Indicates whether or not the factory is configured to produce parsers which expand entity reference nodes.

final var xml = """
        <!DOCTYPE root [
            <!ENTITY aaa "bbb">
        ]>
        <root>&aaa;</root>
        """;

final var factory = DocumentBuilderFactory.newInstance();

{
    final var ret = factory.isExpandEntityReferences();
    System.out.println(ret); // true

    final var builder = factory.newDocumentBuilder();
    final var document = builder.parse(new ByteArrayInputStream(xml.getBytes()));

    final var root = document.getDocumentElement();
    System.out.println(root); // [root: null]

    final var child = root.getFirstChild();
    System.out.println(child); // [#text: bbb]
}

factory.setExpandEntityReferences(false);

{
    final var ret = factory.isExpandEntityReferences();
    System.out.println(ret); // false

    final var builder = factory.newDocumentBuilder();
    final var document = builder.parse(new ByteArrayInputStream(xml.getBytes()));

    final var root = document.getDocumentElement();
    System.out.println(root); // [root: null]

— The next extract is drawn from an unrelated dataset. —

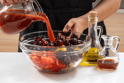 Pour in tomato juice, vinegar, and 60 ml of olive oil. Add salt and pepper, and let it sit at room temperature for 2 hours.
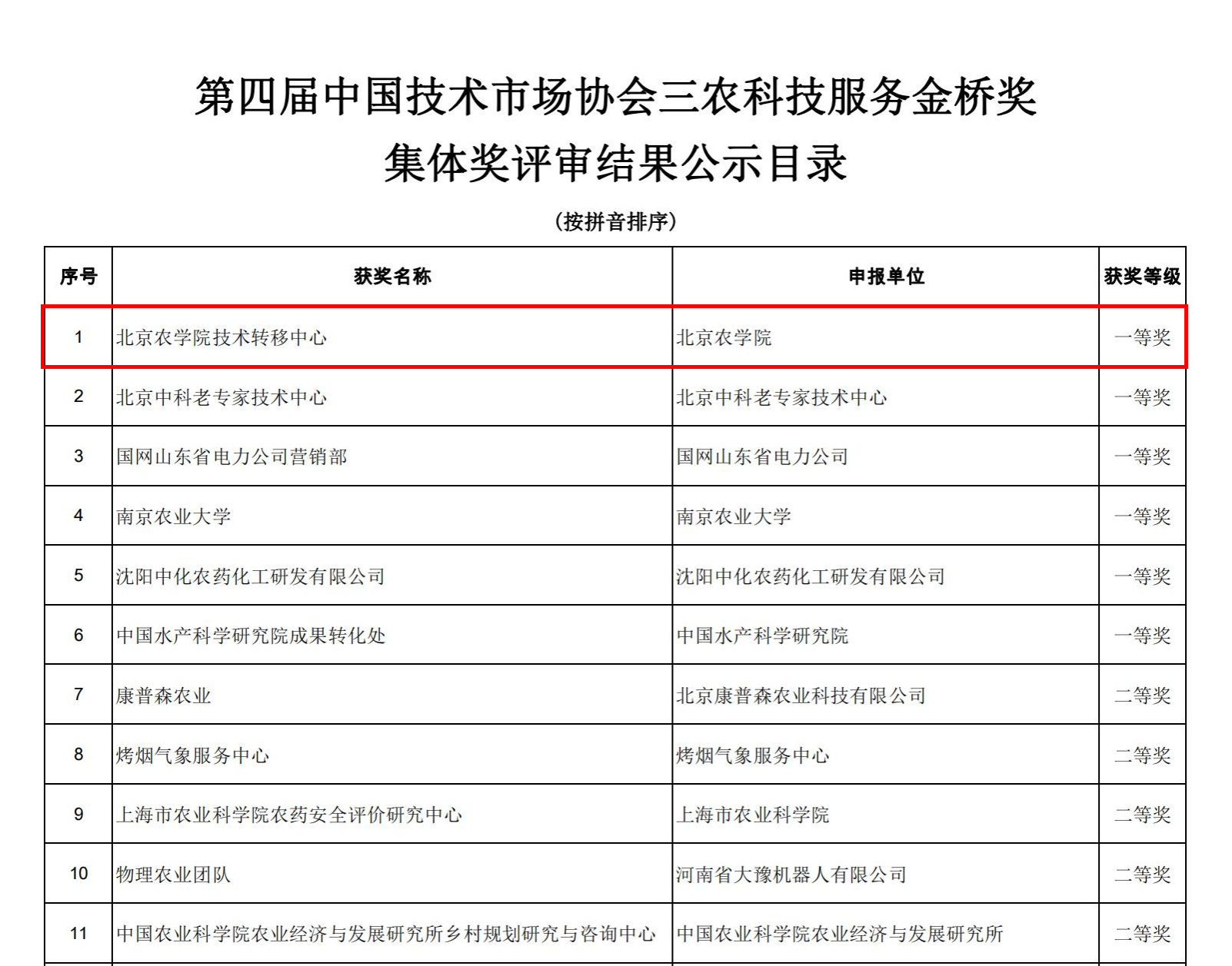 近日,第四届中国技术市场协会三农科技服务金桥奖评审结果公布,共评出三农科技服务金桥奖集体奖一等奖6个、二等奖6个、三等奖9个。beat365官网组织申报的项目获集体奖一等奖。

    if (root.getFirstChild() instanceof EntityReference entityReference) {
        System.out.println(entityReference); // [aaa: null]
    }
}

boolean isIgnoringComments ()

Indicates whether or not the factory is configured to produce parsers which ignores comments.

final var xml = """
        <root>aaa<!--bbb--></root>
        """;

final var factory = DocumentBuilderFactory.newInstance();

{
    final var ret = factory.isIgnoringComments();
    System.out.println(ret); // false

    final var builder = factory.newDocumentBuilder();
    final var document = builder.parse(new ByteArrayInputStream(xml.getBytes()));

    final var root = document.getDocumentElement();
    System.out.println(root); // [root: null]

    final var nodes = root.getChildNodes();
    System.out.println("-- nodes --");
    for (int i = 0; i < nodes.getLength(); i++) {
        System.out.println(nodes.item(i));
    }

    // Result
    // ↓
    //-- nodes --
    //[#text: aaa]
    //[#comment: bbb]
}

factory.setIgnoringComments(true);

{
    final var ret = factory.isIgnoringComments();
    System.out.println(ret); // true

    final var builder = factory.newDocumentBuilder();
    final var document = builder.parse(new ByteArrayInputStream(xml.getBytes()));

    final var root = document.getDocumentElement();
    System.out.println(root); // [root: null]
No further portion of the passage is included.